WHAT THIS TASK INVOLVES: The result should be an exact copy of the entries that follow, with no pictures included.

⁂

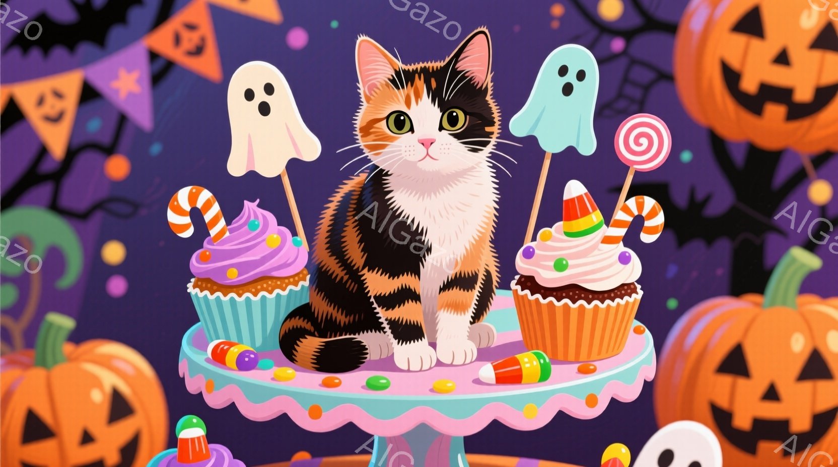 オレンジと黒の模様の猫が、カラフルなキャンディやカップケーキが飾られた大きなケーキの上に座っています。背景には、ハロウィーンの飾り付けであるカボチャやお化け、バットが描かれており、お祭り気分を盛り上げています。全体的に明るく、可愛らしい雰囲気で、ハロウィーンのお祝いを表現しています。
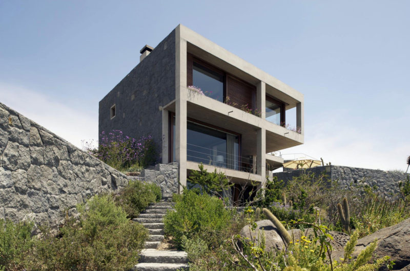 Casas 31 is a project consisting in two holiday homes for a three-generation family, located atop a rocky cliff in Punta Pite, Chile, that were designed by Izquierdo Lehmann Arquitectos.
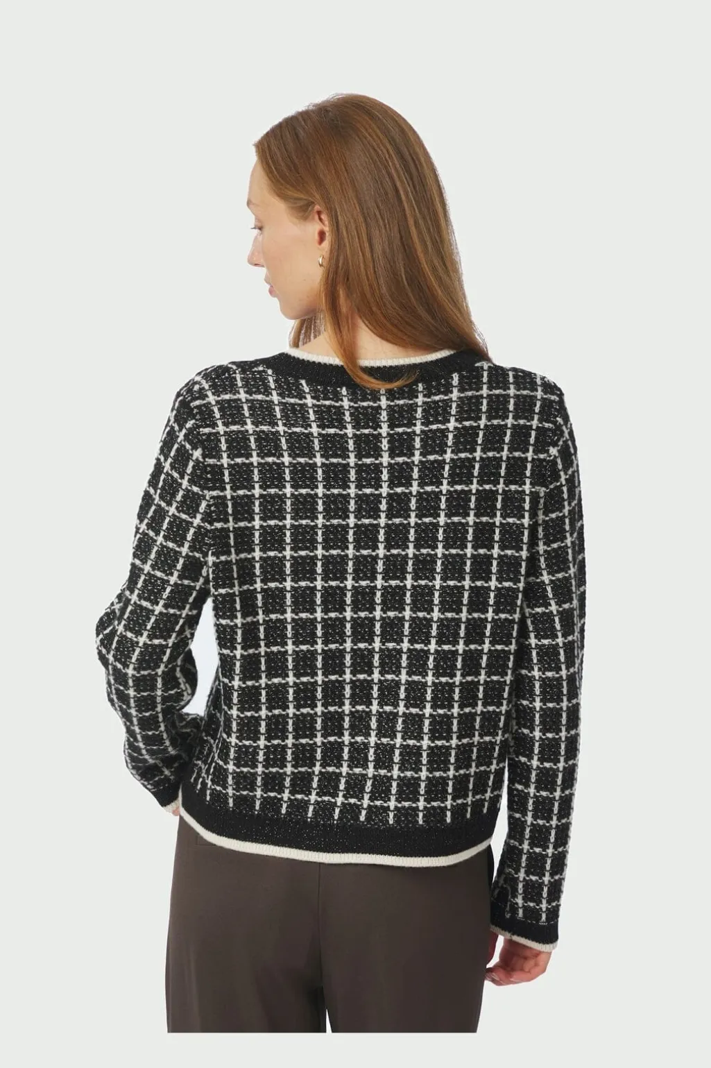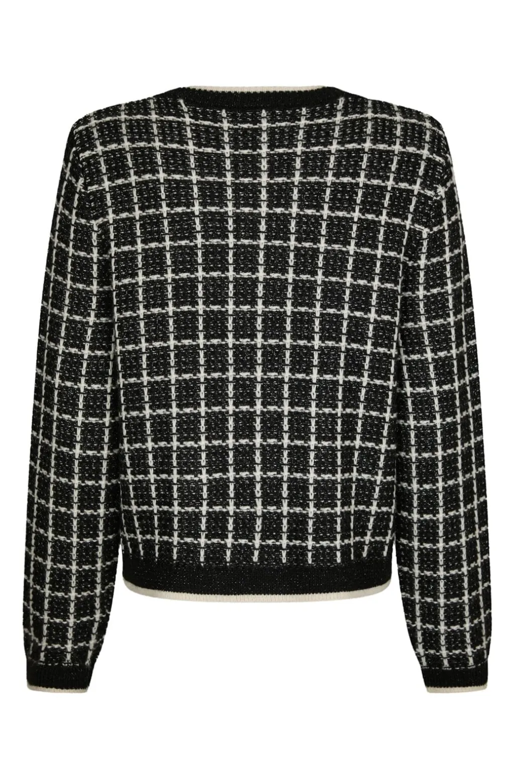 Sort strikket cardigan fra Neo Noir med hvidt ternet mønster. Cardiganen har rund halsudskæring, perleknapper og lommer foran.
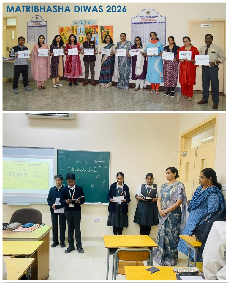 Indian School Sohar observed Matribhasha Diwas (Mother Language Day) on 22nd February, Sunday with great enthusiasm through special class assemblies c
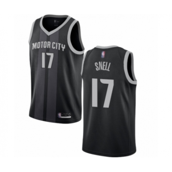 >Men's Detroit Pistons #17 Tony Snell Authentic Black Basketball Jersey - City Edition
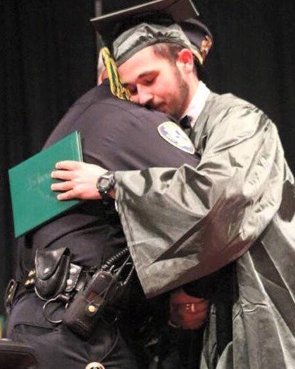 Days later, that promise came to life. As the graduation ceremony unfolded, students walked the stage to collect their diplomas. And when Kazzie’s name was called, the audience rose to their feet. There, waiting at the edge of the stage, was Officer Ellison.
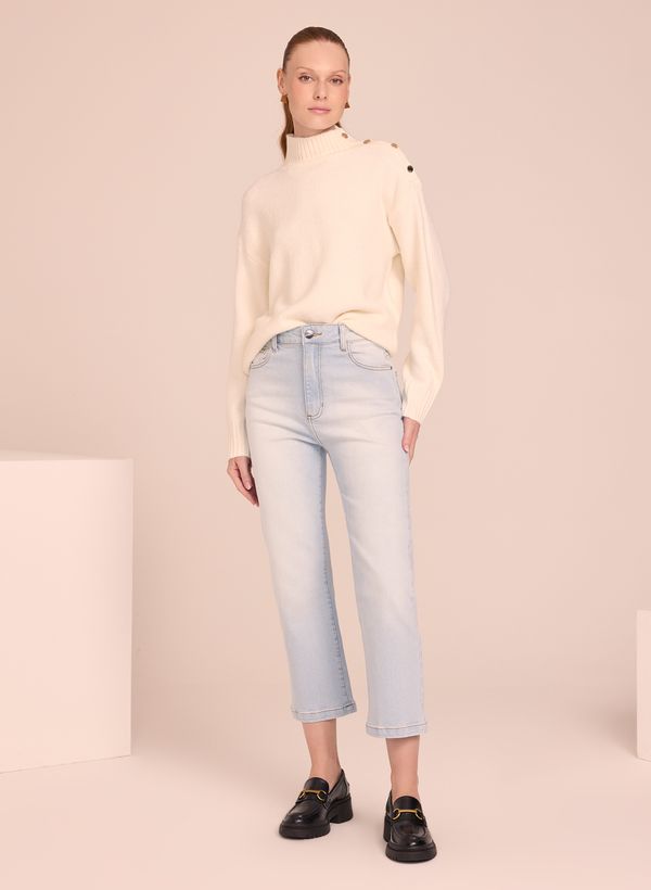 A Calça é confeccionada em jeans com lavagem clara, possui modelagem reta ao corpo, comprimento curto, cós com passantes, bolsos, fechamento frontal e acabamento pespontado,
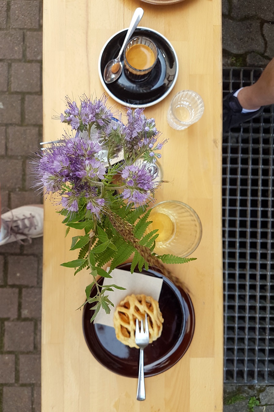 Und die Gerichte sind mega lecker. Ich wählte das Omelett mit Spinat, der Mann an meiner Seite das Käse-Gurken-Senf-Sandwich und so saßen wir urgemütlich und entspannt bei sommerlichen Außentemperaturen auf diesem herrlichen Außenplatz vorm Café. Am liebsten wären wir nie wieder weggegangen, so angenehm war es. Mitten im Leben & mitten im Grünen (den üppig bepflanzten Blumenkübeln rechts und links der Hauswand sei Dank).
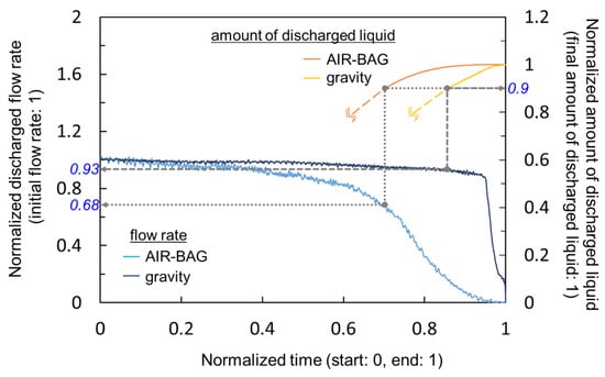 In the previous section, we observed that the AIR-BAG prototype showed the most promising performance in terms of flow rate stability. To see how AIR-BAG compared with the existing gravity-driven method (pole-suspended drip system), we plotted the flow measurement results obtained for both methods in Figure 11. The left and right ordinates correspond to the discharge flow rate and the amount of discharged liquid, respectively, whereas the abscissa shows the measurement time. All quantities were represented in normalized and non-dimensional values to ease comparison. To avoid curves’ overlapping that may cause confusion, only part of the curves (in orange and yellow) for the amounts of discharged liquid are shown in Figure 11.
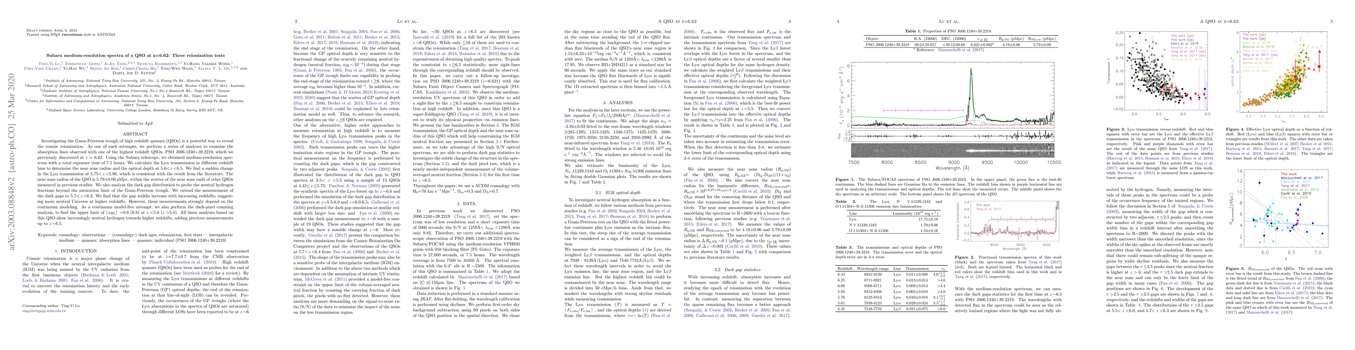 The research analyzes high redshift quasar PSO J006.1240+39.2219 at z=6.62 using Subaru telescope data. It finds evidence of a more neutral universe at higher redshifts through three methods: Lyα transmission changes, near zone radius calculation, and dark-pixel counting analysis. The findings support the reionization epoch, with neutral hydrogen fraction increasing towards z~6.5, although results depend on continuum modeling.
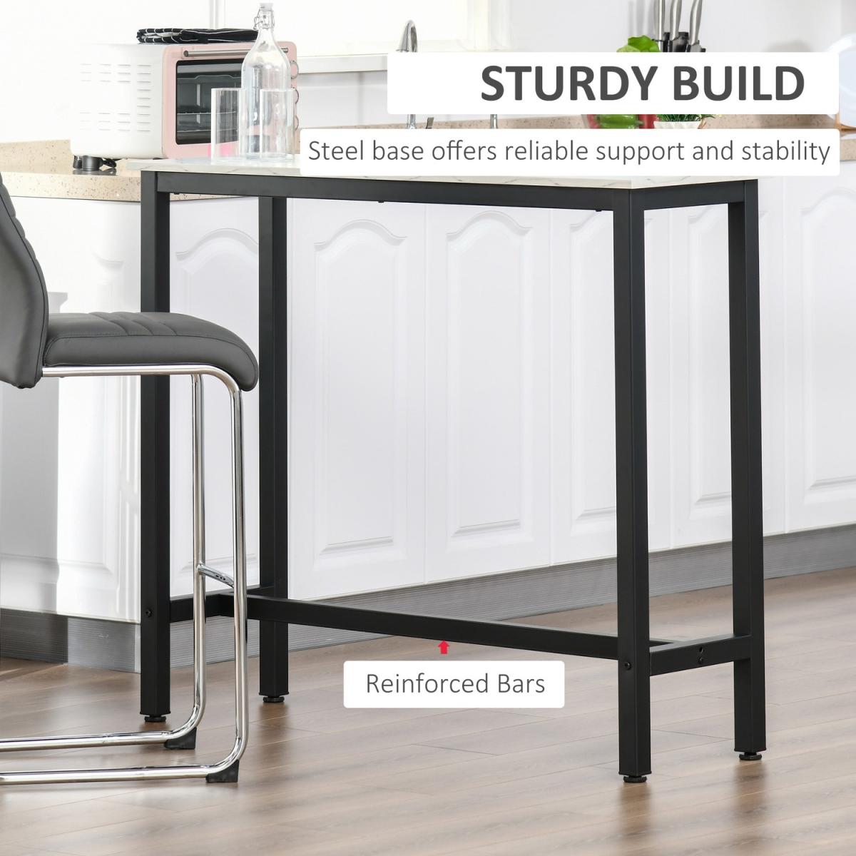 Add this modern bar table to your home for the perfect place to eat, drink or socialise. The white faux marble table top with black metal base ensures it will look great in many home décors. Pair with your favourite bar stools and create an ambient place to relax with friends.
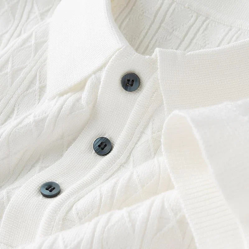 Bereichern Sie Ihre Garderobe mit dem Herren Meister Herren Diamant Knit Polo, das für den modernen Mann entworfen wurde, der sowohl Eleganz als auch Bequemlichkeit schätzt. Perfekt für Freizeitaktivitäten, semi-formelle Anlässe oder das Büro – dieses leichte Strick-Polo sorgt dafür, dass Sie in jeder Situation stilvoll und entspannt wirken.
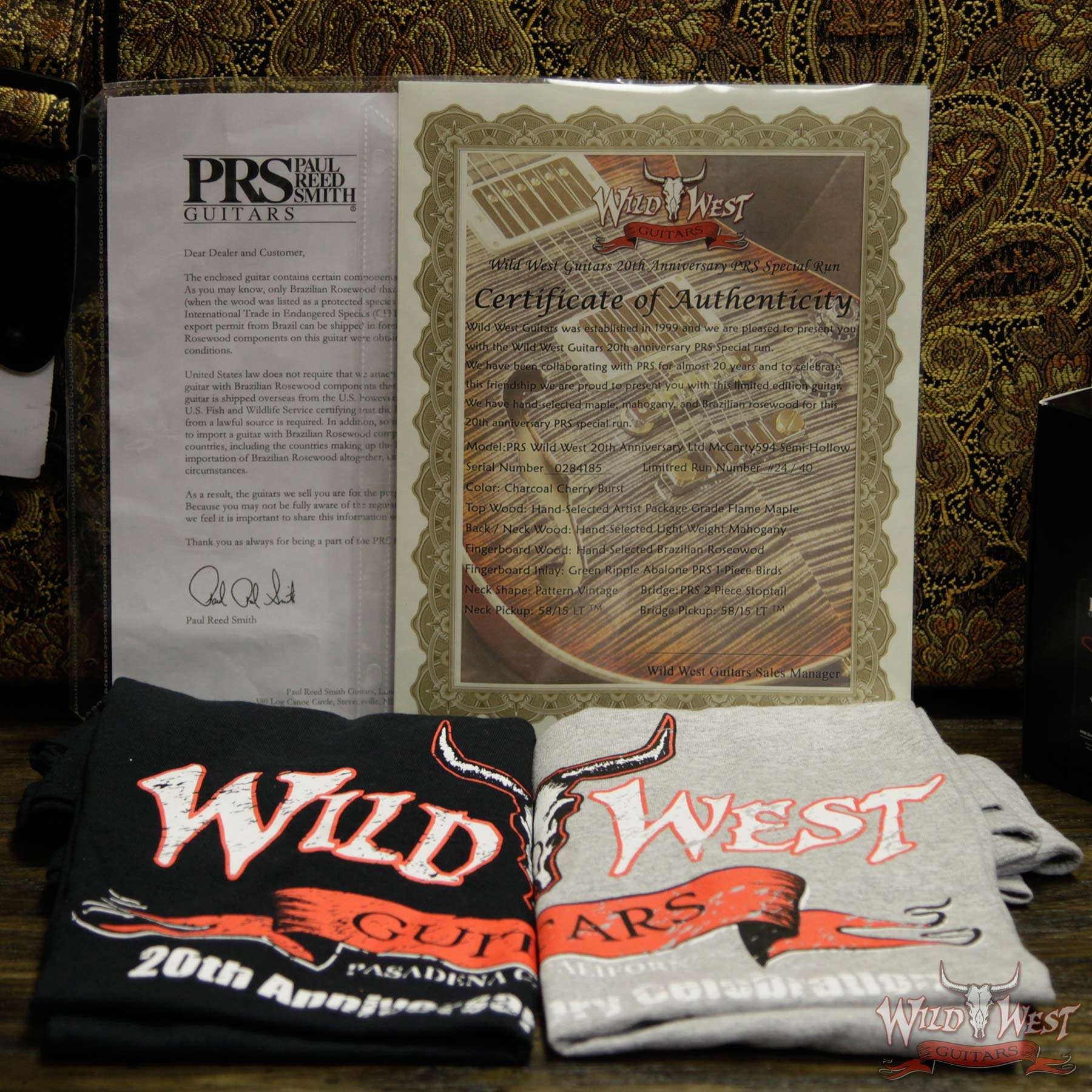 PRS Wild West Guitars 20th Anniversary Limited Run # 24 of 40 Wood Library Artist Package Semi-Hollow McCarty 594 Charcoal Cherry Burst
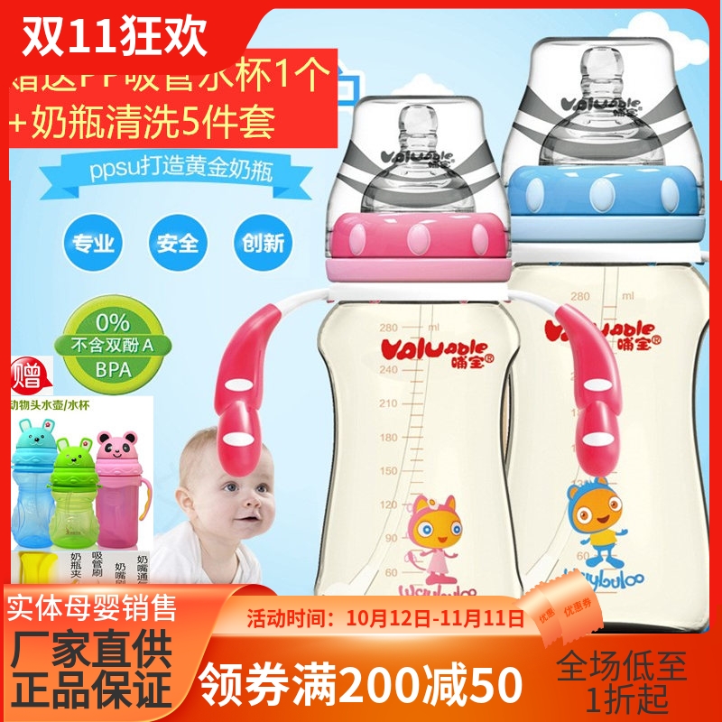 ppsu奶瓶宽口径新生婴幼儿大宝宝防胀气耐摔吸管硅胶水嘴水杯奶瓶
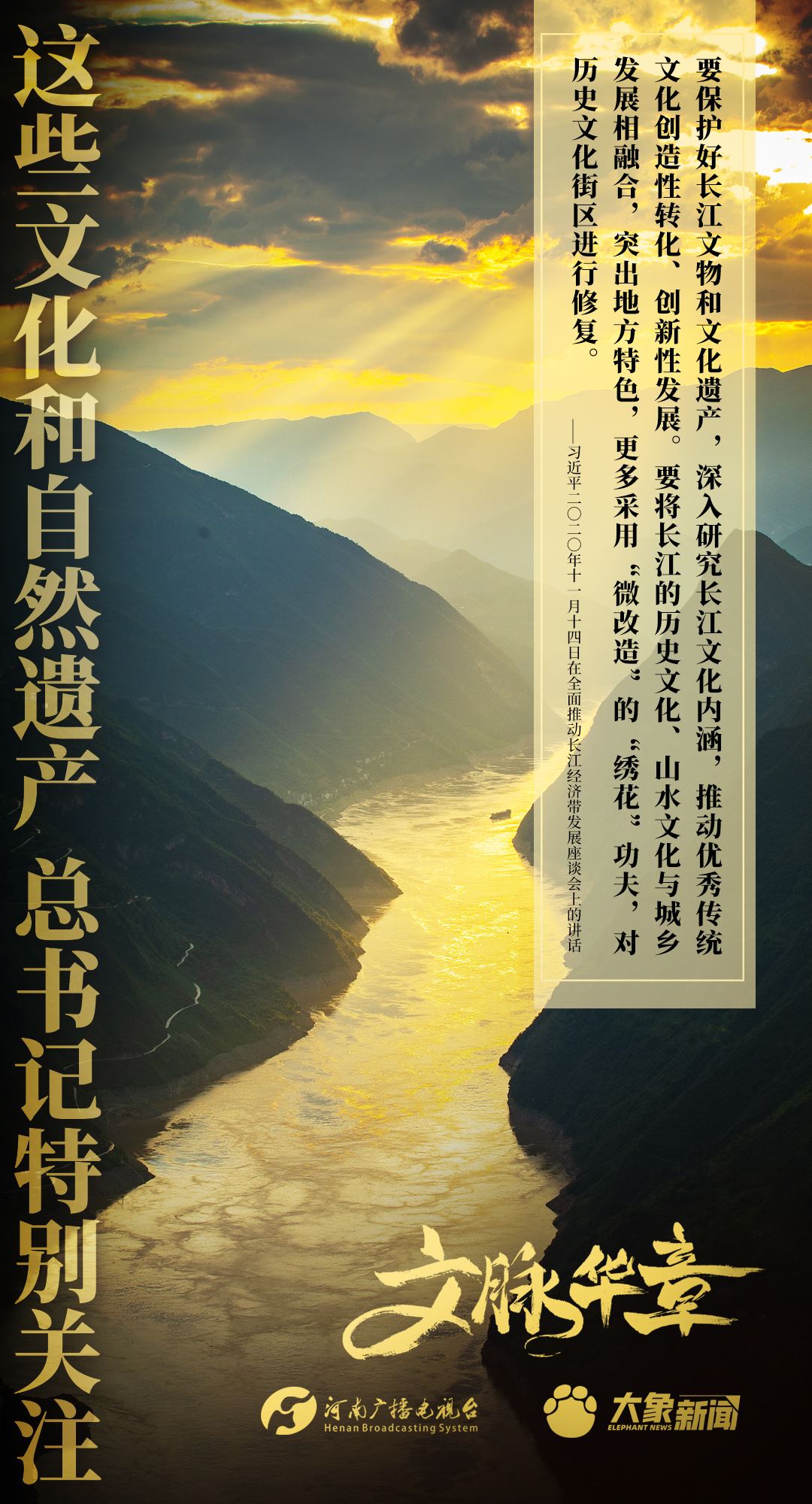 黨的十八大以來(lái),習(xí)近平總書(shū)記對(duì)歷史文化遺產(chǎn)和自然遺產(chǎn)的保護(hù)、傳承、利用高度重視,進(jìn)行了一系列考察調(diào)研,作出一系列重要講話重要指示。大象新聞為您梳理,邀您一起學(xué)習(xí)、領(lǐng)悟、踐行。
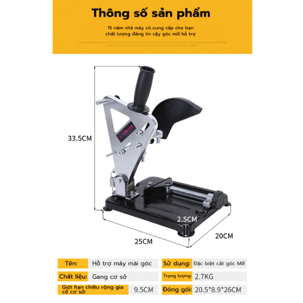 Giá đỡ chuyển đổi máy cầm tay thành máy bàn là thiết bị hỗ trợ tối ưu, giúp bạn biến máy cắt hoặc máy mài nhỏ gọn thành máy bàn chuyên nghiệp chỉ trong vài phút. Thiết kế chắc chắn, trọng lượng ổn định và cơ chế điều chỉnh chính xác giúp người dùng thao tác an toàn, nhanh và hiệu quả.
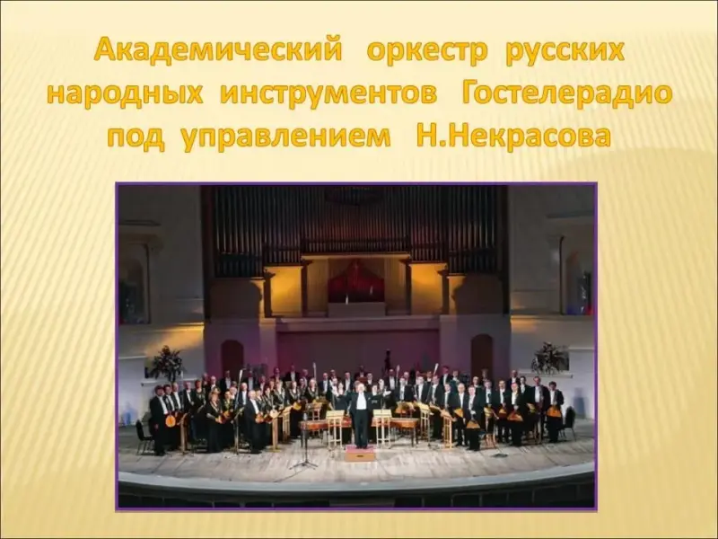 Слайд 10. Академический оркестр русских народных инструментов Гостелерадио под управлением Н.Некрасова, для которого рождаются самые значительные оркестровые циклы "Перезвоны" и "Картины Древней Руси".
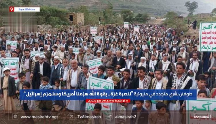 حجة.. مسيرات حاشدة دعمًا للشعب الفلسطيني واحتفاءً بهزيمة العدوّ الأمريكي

⁂

ANSWER SPACE:
 オレンジと黒の模様の猫が、カラフルなキャンディやカップケーキが飾られた大きなケーキの上に座っています。背景には、ハロウィーンの飾り付けであるカボチャやお化け、バットが描かれており、お祭り気分を盛り上げています。全体的に明るく、可愛らしい雰囲気で、ハロウィーンのお祝いを表現しています。
 Casas 31 is a project consisting in two holiday homes for a three-generation family, located atop a rocky cliff in Punta Pite, Chile, that were designed by Izquierdo Lehmann Arquitectos.
 Sort strikket cardigan fra Neo Noir med hvidt ternet mønster. Cardiganen har rund halsudskæring, perleknapper og lommer foran.
 Indian School Sohar observed Matribhasha Diwas (Mother Language Day) on 22nd February, Sunday with great enthusiasm through special class assemblies c
 >Men's Detroit Pistons #17 Tony Snell Authentic Black Basketball Jersey - City Edition
 Days later, that promise came to life. As the graduation ceremony unfolded, students walked the stage to collect their diplomas. And when Kazzie’s name was called, the audience rose to their feet. There, waiting at the edge of the stage, was Officer Ellison.
 A Calça é confeccionada em jeans com lavagem clara, possui modelagem reta ao corpo, comprimento curto, cós com passantes, bolsos, fechamento frontal e acabamento pespontado,
 Und die Gerichte sind mega lecker. Ich wählte das Omelett mit Spinat, der Mann an meiner Seite das Käse-Gurken-Senf-Sandwich und so saßen wir urgemütlich und entspannt bei sommerlichen Außentemperaturen auf diesem herrlichen Außenplatz vorm Café. Am liebsten wären wir nie wieder weggegangen, so angenehm war es. Mitten im Leben & mitten im Grünen (den üppig bepflanzten Blumenkübeln rechts und links der Hauswand sei Dank).
 In the previous section, we observed that the AIR-BAG prototype showed the most promising performance in terms of flow rate stability. To see how AIR-BAG compared with the existing gravity-driven method (pole-suspended drip system), we plotted the flow measurement results obtained for both methods in Figure 11. The left and right ordinates correspond to the discharge flow rate and the amount of discharged liquid, respectively, whereas the abscissa shows the measurement time. All quantities were represented in normalized and non-dimensional values to ease comparison. To avoid curves’ overlapping that may cause confusion, only part of the curves (in orange and yellow) for the amounts of discharged liquid are shown in Figure 11.
 The research analyzes high redshift quasar PSO J006.1240+39.2219 at z=6.62 using Subaru telescope data. It finds evidence of a more neutral universe at higher redshifts through three methods: Lyα transmission changes, near zone radius calculation, and dark-pixel counting analysis. The findings support the reionization epoch, with neutral hydrogen fraction increasing towards z~6.5, although results depend on continuum modeling.
 Add this modern bar table to your home for the perfect place to eat, drink or socialise. The white faux marble table top with black metal base ensures it will look great in many home décors. Pair with your favourite bar stools and create an ambient place to relax with friends.
 Bereichern Sie Ihre Garderobe mit dem Herren Meister Herren Diamant Knit Polo, das für den modernen Mann entworfen wurde, der sowohl Eleganz als auch Bequemlichkeit schätzt. Perfekt für Freizeitaktivitäten, semi-formelle Anlässe oder das Büro – dieses leichte Strick-Polo sorgt dafür, dass Sie in jeder Situation stilvoll und entspannt wirken.
 PRS Wild West Guitars 20th Anniversary Limited Run # 24 of 40 Wood Library Artist Package Semi-Hollow McCarty 594 Charcoal Cherry Burst
 ppsu奶瓶宽口径新生婴幼儿大宝宝防胀气耐摔吸管硅胶水嘴水杯奶瓶
 黨的十八大以來(lái),習(xí)近平總書(shū)記對(duì)歷史文化遺產(chǎn)和自然遺產(chǎn)的保護(hù)、傳承、利用高度重視,進(jìn)行了一系列考察調(diào)研,作出一系列重要講話重要指示。大象新聞為您梳理,邀您一起學(xué)習(xí)、領(lǐng)悟、踐行。
 Giá đỡ chuyển đổi máy cầm tay thành máy bàn là thiết bị hỗ trợ tối ưu, giúp bạn biến máy cắt hoặc máy mài nhỏ gọn thành máy bàn chuyên nghiệp chỉ trong vài phút. Thiết kế chắc chắn, trọng lượng ổn định và cơ chế điều chỉnh chính xác giúp người dùng thao tác an toàn, nhanh và hiệu quả.
 Слайд 10. Академический оркестр русских народных инструментов Гостелерадио под управлением Н.Некрасова, для которого рождаются самые значительные оркестровые циклы "Перезвоны" и "Картины Древней Руси".
 حجة.. مسيرات حاشدة دعمًا للشعب الفلسطيني واحتفاءً بهزيمة العدوّ الأمريكي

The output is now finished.